The at-bat continued and Robinson hit a fly ball that was caught for an out. As Robinson cut across the diamond to return to the dugout on the third base side, he said to Reynolds, “You got a lot of guts throwing at me in a game like this,” United Press International reported.

According to Robinson, Reynolds replied, “You had a lot of guts sending me down, you (obscenity).”

Robinson rushed toward Reynolds and punched him with a left-right combination. The left struck Reynolds in the teeth and jaw.

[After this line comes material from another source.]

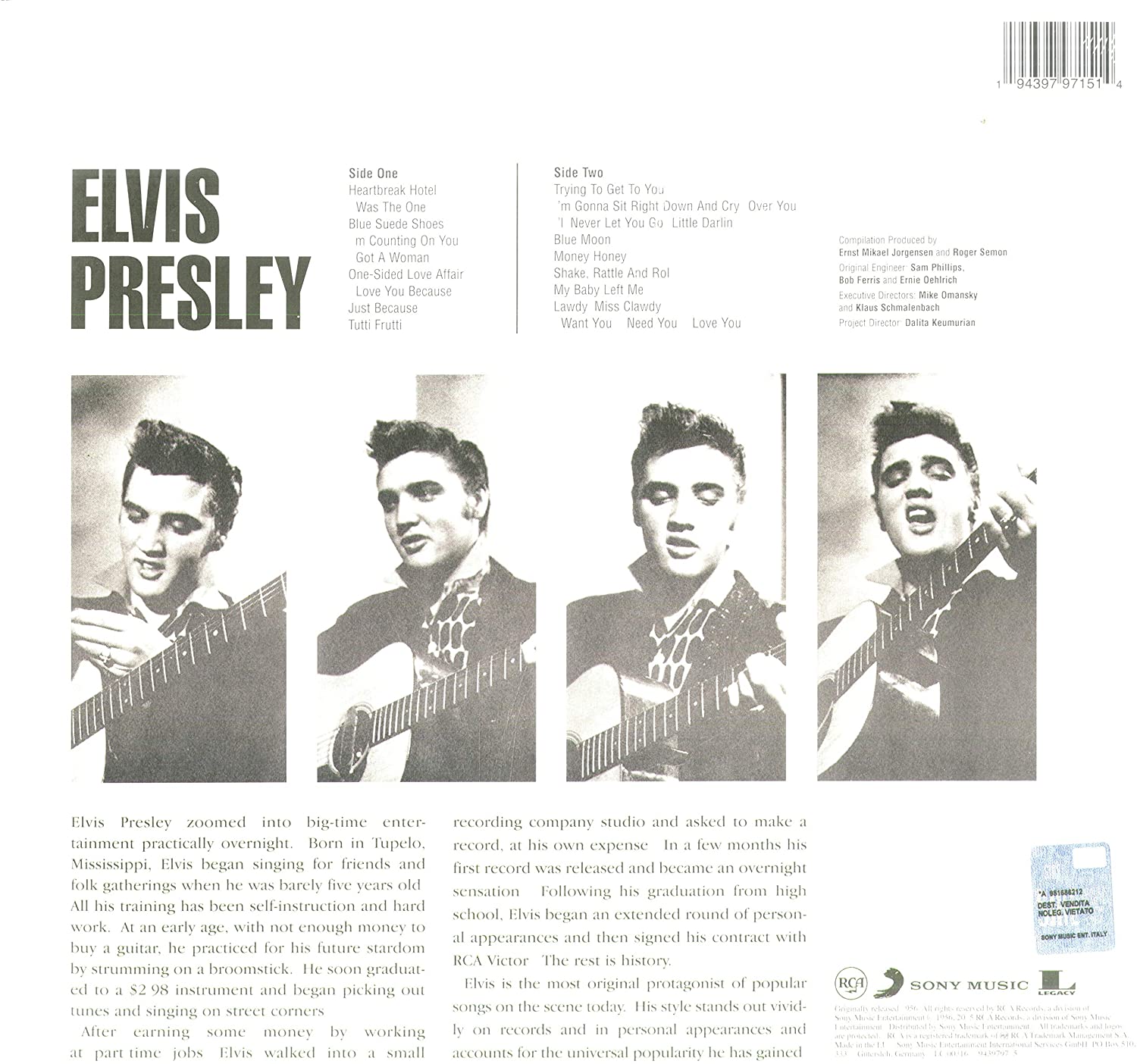 The debut album by the American rock and roll singer. Originally released in March 1956, the album features the singles 'Blue Suede Shoes', 'I Got a Woman', 'I'll Never Let You Go (Little Darlin')', 'I Love You Because', 'Just Because' and 'Money Honey'.

The right “sent Reynolds to the ground in a sitting position,” The Cleveland Press reported.

Reynolds told the Rochester Democrat and Chronicle that he blanked out “momentarily, maybe for just a second.”

Robinson was ejected and booed by the Toledo fans. Reynolds, spitting blood, insisted on staying in the game. His tongue was cut and his jaw was swollen, according to The Cleveland Press.

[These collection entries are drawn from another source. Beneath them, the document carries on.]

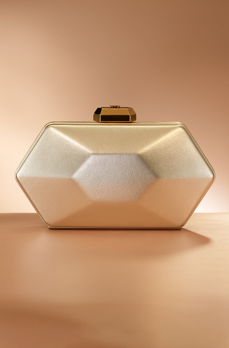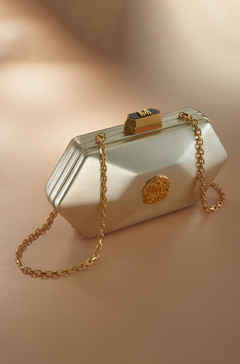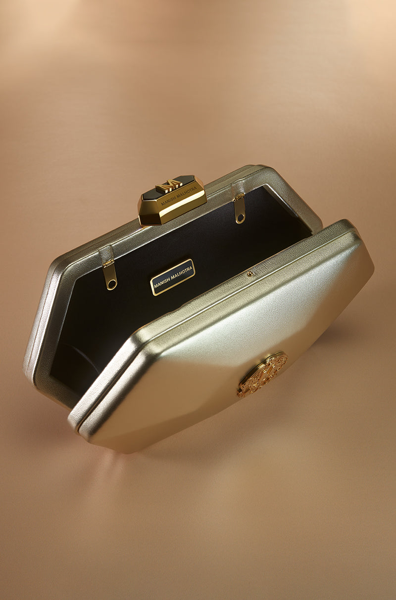 For icons who love icons. Designed for those who never arrive quietly. A statement clutch crafted in metallic foil leather with a sharp hexagonal silhouette. Finished with the signature Manish Malhotra lift-lock, it adds a refined note of modern glamour to evening ensembles.
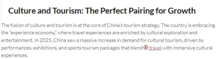 文章认为,文旅深度融合是中国旅游发展战略的核心。当前,中国正积极拥抱“体验经济”,通过文化探索与娱乐休闲为旅行体验注入更丰富的内涵。在文艺演出、主题展览以及将旅行与沉浸式文化体验相结合的体育旅游套餐的推动下,中国文化旅游需求大幅增长。
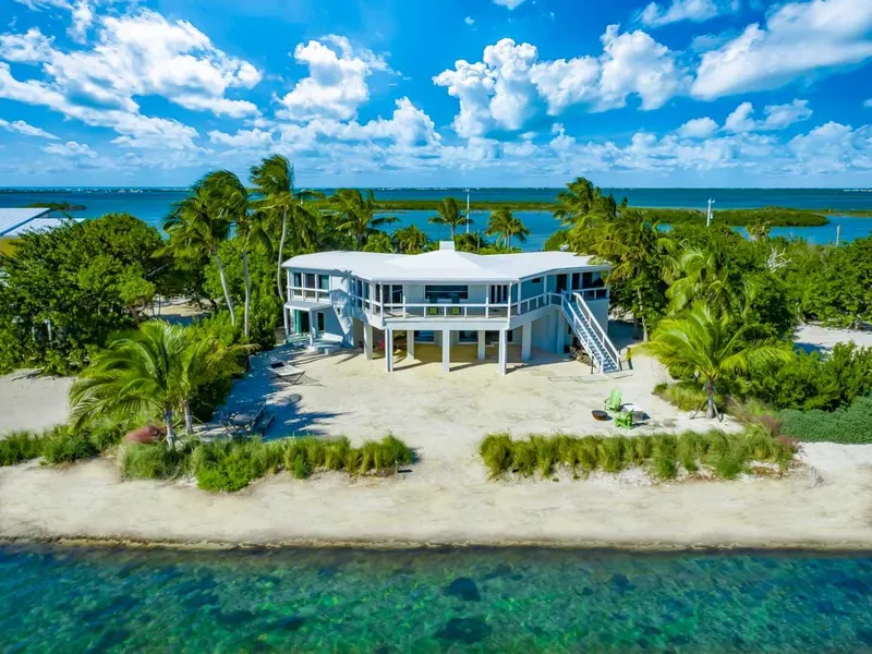 Paradise found on Long Beach! Picture perfect open water views at every turn in this beautifully remodeled home. On the main level, you'll find a breathtaking kitchen designed by D'Asign Source with top-of-the-line appliances, solid cherry cabinetry and quartz countertops. A wall of windows in the great room capture mesmerizing sea views. Sliding glass doors welcome you onto an expansive balcony overlooking miles of turquoise ocean. Split bedroom floorplan with 2 master suites. Remodeled bathrooms with fine fixtures and travertine. Guests will appreciate the private downstairs 1 bedroom 1 bath guest quarters. Solid concrete construction with impact windows and doors. 3 central ac units. Private, over .5-acre lot. Your very own slice of paradise with private beach, perfect for launching kayaks and exploring the surrounding nature. Truly a turn-key property ready for your enjoyment!

“The whole thing could have been avoided,” Toledo manager Joe Sparks said to the Des Moines Register. “The manager of a big-league club should go out of his way to not let something like that happen.”

Robinson told United Press International, “If the circumstances were the same, I would do it again.”

Cleveland won the exhibition game, 13-1. Right fielder Charlie Spikes, who would total three home runs for the Indians in 1976, hit three homers against Toledo. In the seventh inning, Ray Fosse also hit a home run for Cleveland but injured a knee during his trot around the bases. Pitching coach Harvey Haddix, 50, had to come in and complete circling the bases for Fosse.

Robinson went on to manage 17 seasons in the majors with the Indians, Giants, Orioles, Expos and Nationals. Reynolds never got back to the big leagues.